Experience = namedtuple(
    'Experience',
    ('state', 'action', 'reward')
)

class ReplayMemory(object):
    def __init__(self, capacity):
        self.memory = deque([],maxlen=capacity)

    def push(self, *args):
        """Save a transition"""
        self.memory.append(Experience(*args))

    def pop(self, batch_size):
        arr = []
        for _ in range(batch_size):
            arr.append(self.memory.popleft())
        return arr
    
    def sample(self, batch_size):
        return random.sample(self.memory, batch_size)

    def __len__(self):
        return len(self.memory)

memory.py 부분을 분리했습니다.

import torch.nn as nn
import torch.nn.functional as F

class DQN(nn.Module):
    def __init__(self, device, h, w, outputs, qsize):
        super(DQN, self).__init__()
        self.conv1 = nn.Conv2d(4, h*w, kernel_size=5, stride=2)
        self.bn1 = nn.BatchNorm2d(h*w)
        self.conv2 = nn.Conv2d(h*w, qsize, kernel_size=5, stride=2)
        self.bn2 = nn.BatchNorm2d(qsize)
        self.device = device
        self.conv3 = nn.Conv2d(qsize, qsize, kernel_size=5, stride=2)
        self.bn3 = nn.BatchNorm2d(qsize)

        # Number of Linear input connections depends on output of conv2d layers
        # and therefore the input image size, so compute it.
        def conv2d_size_out(size, kernel_size = 5, stride = 2):
            return (size - (kernel_size - 1) - 1) // stride  + 1
        convw = conv2d_size_out(conv2d_size_out(conv2d_size_out(w)))
        convh = conv2d_size_out(conv2d_size_out(conv2d_size_out(h)))
        # print("convw[%d]  convh[%d]" % (convw, convh))
        linear_input_size = 54 * qsize
        self.head = nn.Linear(linear_input_size, outputs)

    # Called with either one element to determine next action, or a batch
    # during optimization.

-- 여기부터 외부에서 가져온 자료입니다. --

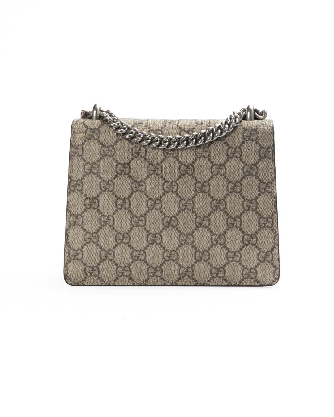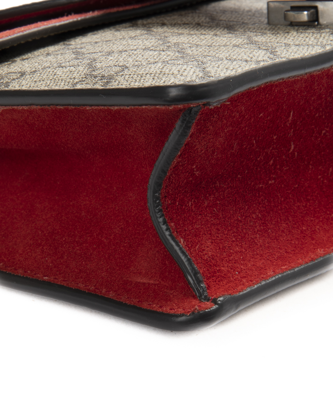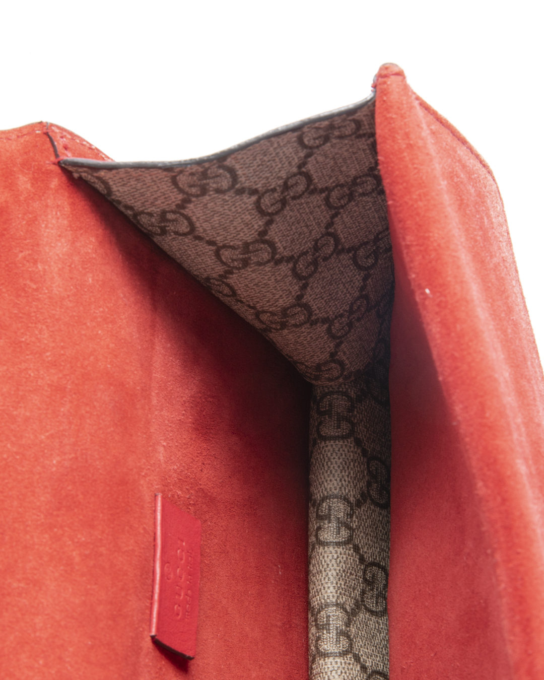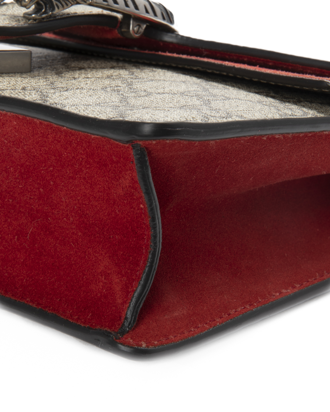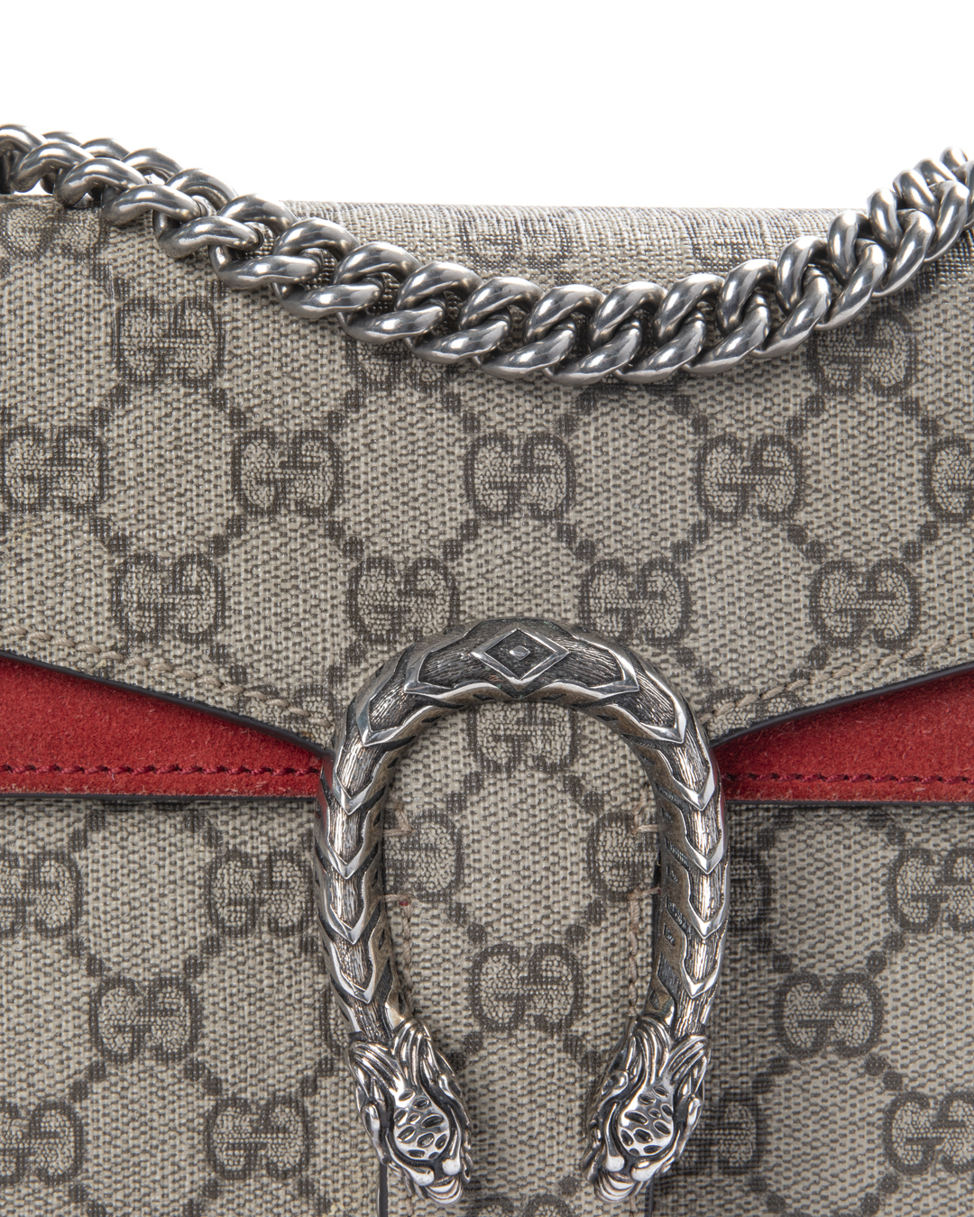 Borsa firmata Gucci, linea Dionysus, nella misura small, realizzata in tela nella classica fantasia GG Supreme con inserti in tessuto scamosciato rosso e hardware argento. La chiusura ad incastro con teste di tigre, internamente rivestita in tessuto scamosciato con piccola tasca, la borsa è capiente per l’essenziale. Munita di una tracolla scorrevole in catena, per una comoda portata a spalla o a tracolla. L’articolo si presenta in ottime condizioni.

Returns tensor([[left0exp,right0exp]...]).
    def forward(self, x):
        x = x.to(self.device)
        x = F.relu(self.bn1(self.conv1(x)))
        x = F.relu(self.bn2(self.conv2(x)))
        x = F.relu(self.bn3(self.conv3(x)))
        return self.head(x.view(x.size(0), -1))

dqn.py를 분리했습니다.

main함수부터 설명 드리면 가장 이상적인 매매 프로세스인 저점에서 매수하고 고점에서 매도하는 방식을 rolling함수를 이용하여 구하였습니다.
그리고 이것을 전체 데이터에 적용을 하여 history에 저장합니다.
매매 길이에 따라서 수천프로이상의 수익이 발생할 것입니다.
이것은 말 그대로 이상적인 매매 프로세스 입니다.
백프로 매치되는 것은 아니지만 이상적인 grid world의 마르코프 실행 프로세서(MDP) 처럼은 우리도 이것을 MDP로 가정합니다.
이제 실행된 결과를 DQN(CNN)에 학습합니다.
optimize함수가 그 역할을 합니다.
loss함수는 nn.SmoothL1Loss를 사용하여 해당 S의 action a와 기대 이상 행동 a'를 구하여 둘의 차이를 구하여 계산합니다.
아쉽지만 windows에서는 NCCL이 적용되지 않아 pytorch함수에서 에러가 발생합니다.
NCCL은 nvidia의 GPU를 서로 연동하여 최상의 성능을 내는 Api lib입니다.
현재 ubuntu와 red hat에서만 지원하고 있습니다.
그래서 지금 저는 WSL2를 이용한 ubuntu LTS(최종안정화버젼)인 20.04.5버젼으로 이전을 하려고 하는데 windows10과 wsl2의 병행 운영은 엄청난 cpu 제원을 요구 하네요.
어쩔 수 없이 서버를 ubuntu로 다시 설치하고 노트북으로 접속하여 이용하는 방법을 실행하려고 하고 있습니다.
불행히도 제 노트북이 현재 아작이 난 상태라 알리에서 검색해서 LCD판넬을 주문한 상태입니다만 가장 빠른 날짜가 12월 15일 도착이라고 하네요.
Nvidia 홈페이지 상으로는 현재로써는 windows에 NCCL이 적용이 안되어서 여러장의 GPU카드가 있어도 한장의 효과만 있다는 거죠.
현재 소스에서 보시면 nn.DataParallel이 DQN을 감싸고 있습니다.
실제 성능탭으로 보면 그래도 nn.DataParallel을 적용하기 전에는 한개의 GPU만 사용하게 작동이 되었으나 지금은 어느 정도 반반씩 부담하여 사용하는게 보입니다.
중요한 점은

recall_history()함수에서 저장된 데이터를 recall_training 함수에서 DQN을 학습하게 됩니다. 학습된 결과는 pt/training_net.pt파일로 저장을 하게 됩니다. 저의 경우는 데이터가 너무 많은 관계로 과적합 상태를 보이나 로스차이가 그렇게 크지는 않습니다. 적당한 데이터의 크기는 5000~10000개 정도의 데이터를 반복 학습하면서 loss를 최소화 한다음 다시 데이터를 샘플링하고 적용하고 하는 반복 작업을 통하여 실제 DQN이 적은 loss로 동작하는지가 중요합니다.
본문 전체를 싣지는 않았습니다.